ABSTRACT
Control of gene expression is now recognized as a central issue in the field of molecular biology. We now know the sequences of many genomes including that of the human genome, and we know the nature of many pathways involved in control of gene expression. It remains difficult, however, to look at the DNA sequences surrounding a particular gene and tell which methods of regulatory control are in use. I have been pursuing the idea that progress might be made by comparing the regulatory regions of paired gene populations in which one population is strongly expressed and the other weakly. Here I report the results obtained with human genes encoding transcription factors (TF). In this population, broadly expressed genes are strongly expressed while tissue targeted TF expression is suppressed in most tissues. The results demonstrated that the promoter region of broadly expressed TF genes is enriched in binding sites for POLR2A, a component of RNA polymerase II while promoters of tissue targeted genes are enriched in EZH2, a subunit of polycomb repressive complex 2 (PRC2). It was rare to observe promoters with binding sites for both POLR2A and EZH2. The findings are interpreted to indicate that strong expression of broadly expressed TF genes is due to the presence of RNA polymerase II at the promoter while weak expression of tissue targeted promoters results from the presence of PRC2. Finally, transcription factor families were compared in the proportion of broadly expressed and tissue targeted genes they contain. The results demonstrated that most families possess both broadly expressed and tissue targeted members. For instance, this was the case with 16 of 20 TF families examined. The results are interpreted to indicate that while individual TFs such as EZH2 may be specific for broadly expressed or tissue targeted genes, this is not a property of most TF families.
Highlights
Human transcription factor (TF) genes were noted to be broadly expressed or tissue targeted depending on their breadth of tissue expression.

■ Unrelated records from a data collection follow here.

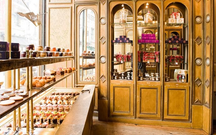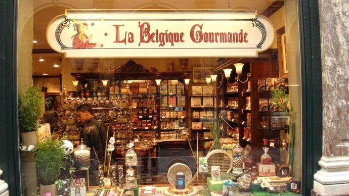 Once you enter the rich black building, the natural sunlight illuminates the shop, transporting you to vintage and opulent dimension that was once, and still is, a favorite of elites such as King Leopold I. Upon the shelves, you’ll find Méert’s infamous chocolates and caramels. But at the front, you must ask to try their signature gaufre waffles. Furthermore, you can enjoy their patisserie delights such as cakes and tarts in conjunction with your candy. Lastly, don’t forget to grab a cup of their coffee and seasonal tea before you leave as well.
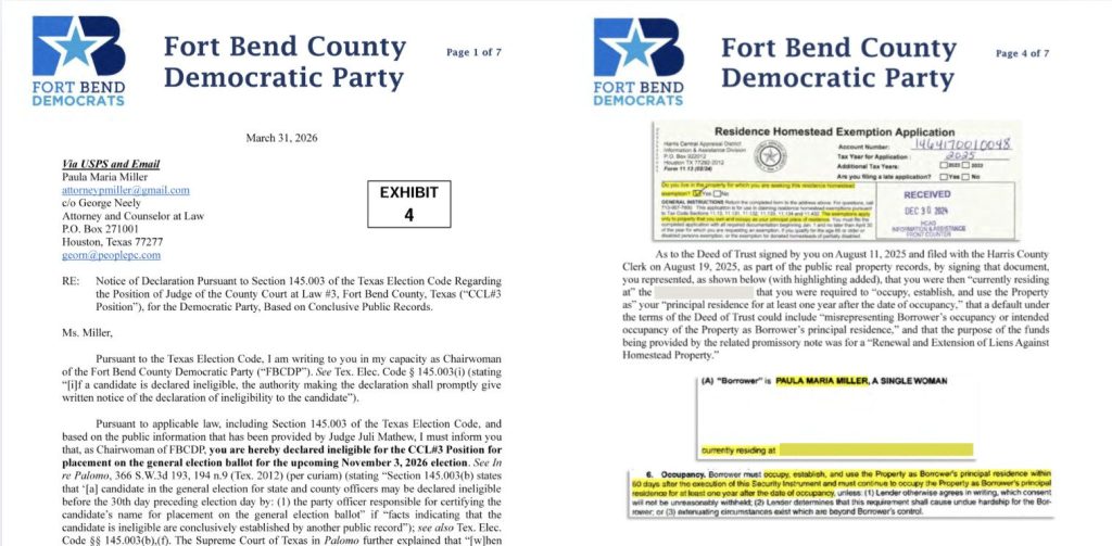 Miller applied for a homestead exemption in Harris County on December 30, 2024. Her car is registered to an address in Houston. Property records show the address she claims in Richmond is owned by a third party. Evidence also show Miller voted in Harris County in November 2024.
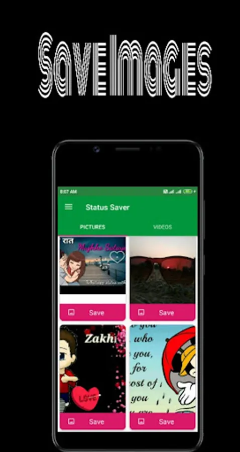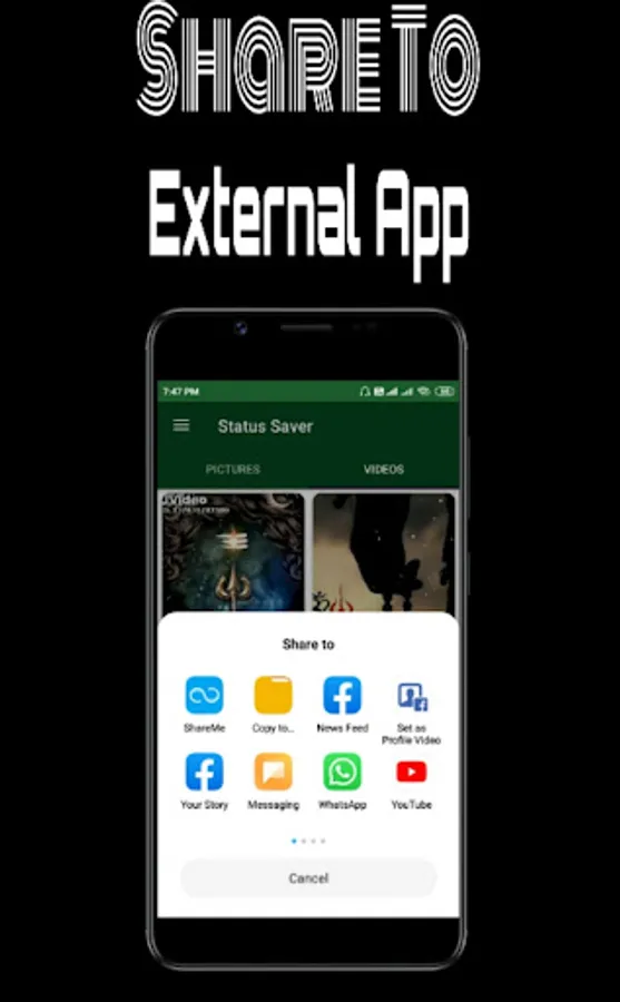 2 - Open Status Saver app, Click on any Image or Video to share.

The results of ChIP-seq experiments were used to characterize the promoter regions of broadly expressed and tissue targeted TF genes.

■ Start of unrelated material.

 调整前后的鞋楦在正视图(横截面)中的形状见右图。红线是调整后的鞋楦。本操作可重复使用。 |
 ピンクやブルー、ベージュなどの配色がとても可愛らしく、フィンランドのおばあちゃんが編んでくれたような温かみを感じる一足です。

The results demonstrated that the promoters of broadly expressed TF genes are enriched in binding sites for RNA polymerase II (pol II) but lack sites for polycomb repressive complex 2 (PRC2) while tissue targeted promoters are the reverse. These have prominent binding sites for PRC2 but are depleted in pol II sites.
The results are interpreted to indicate that PRC2 complexes suppress TF expression in tissues where expression is not required.
Competing Interest Statement
The authors have declared no competing interest.